Yes, these 4 rules look correct.

Comment 9 Jakub Jelinek 2020-11-19 12:22:03 UTC

Created attachment 49595 [details]
gcc11-pr91029-2.patch

Untested patch implementing the op1 rules.  Dunno what to do for op2, one needs to create a union of two ranges and I have no idea how to create that.

Comment 10 Andrew Macleod 2020-11-19 15:32:09 UTC

Created attachment 49597 [details]
op2_range implementation

I think this does what you want for op2_range.

I tried it with:

void f1 (int i, int j)
{
  if ((i % j) == 3)
    {
      xx = ((j <= 3) && (j >= -3));
      if (xx)
        kill ();
    }
}

and it eliminates the call. the listing shows:
    if (_1 == 3)
      goto <bb 3>; [INV]
    else
      goto <bb 5>; [INV]

_1 : int [-2147483647, +INF]
2->3  (T) _1 :  int [3, 3]
2->3  (T) i_8(D) :      int [3, +INF]
2->3  (T) j_9(D) :      int [-INF, -4][4, +INF]
2->5  (F) _1 :  int [-2147483647, 2][4, +INF]

so its got int [-INF, -4][4, +INF] for the range which I think is correct?

I got a headache trying to write a testcase for the different cases, and I'd probably get it wrong like I did with the initial implementation..  So I leave this with you to do what you will :-) 

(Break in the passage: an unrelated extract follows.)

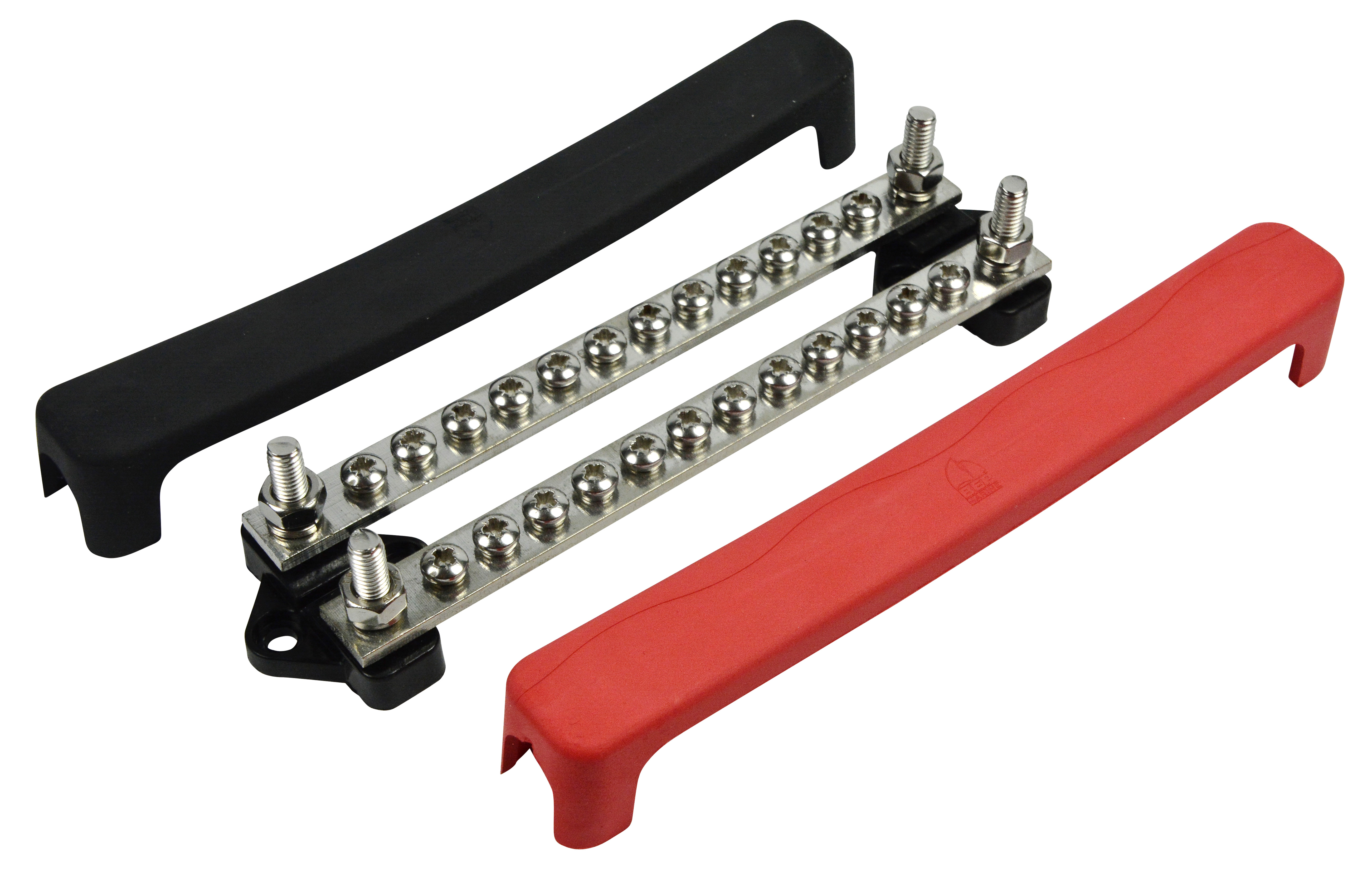 Multi Purpose Bus Bar, 12 Way/100A x 2 (with covers); BEP bus bars include tin-plated, brass-insulated mounting bases and flame-resistant flexible plastic covers. The covers are color-coded for polarity and feature a unique push-on fit.
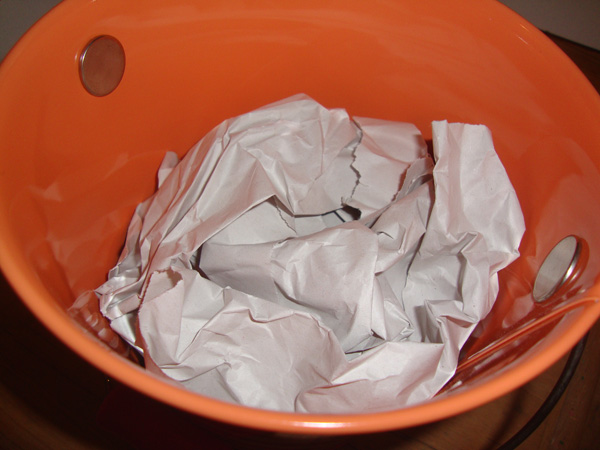 Take your empty bucket and put a wad of packing or tissue paper in the bottom. I wouldn’t use newspaper because it might make your sticks dirty from the newsprint ink. This will keep the sticks going straight down and they won’t slide around.

I get all tangled up with the negatives.

Comment 11 Jakub Jelinek 2020-11-19 19:55:08 UTC

Created attachment 49599 [details]
gcc11-pr91029.patch

Here is what I meant.

Comment 12 GCC Commits 2020-11-19 23:03:04 UTC

The master branch has been updated by Jakub Jelinek <jakub@gcc.gnu.org>:

https://gcc.gnu.org/g:d3f293348768667c07770e433ff00af51fee73a2

commit r11-5186-gd3f293348768667c07770e433ff00af51fee73a2
Author: Jakub Jelinek <jakub@redhat.com>
Date:   Fri Nov 20 00:02:21 2020 +0100

    ranger: Improve a % b operand ranges [PR91029]
    
    As mentioned in the PR, the previous PR91029 patch was testing
    op2 >= 0 which is unnecessary, even negative op2 values will work the same,
    furthermore, from if a % b > 0 we can deduce a > 0 rather than just a >= 0
    (0 % b would be 0), and it actually valid even for other constants than 0,
    a % b > 5 means a > 5 (a % b has the same sign as a and a in [0, 5] would
    result in a % b in [0, 5].  Also, we can deduce a range for the other
    operand, if we know
    a % b >= 20, then b must be (in absolute value for signed modulo) > 20,
    for a % [0, 20] the result would be [0, 19].
    
    2020-11-19  Jakub Jelinek  <jakub@redhat.com>
    
            PR tree-optimization/91029
            * range-op.cc (operator_trunc_mod::op1_range): Don't require signed
            types, nor require that op2 >= 0.  Implement (a % b) >= x && x > 0
            implies a >= x and (a % b) <= x && x < 0 implies a <= x.
            (operator_trunc_mod::op2_range): New method.
    
            * gcc.dg/tree-ssa/pr91029-1.c: New test.
            * gcc.dg/tree-ssa/pr91029-2.c: New test.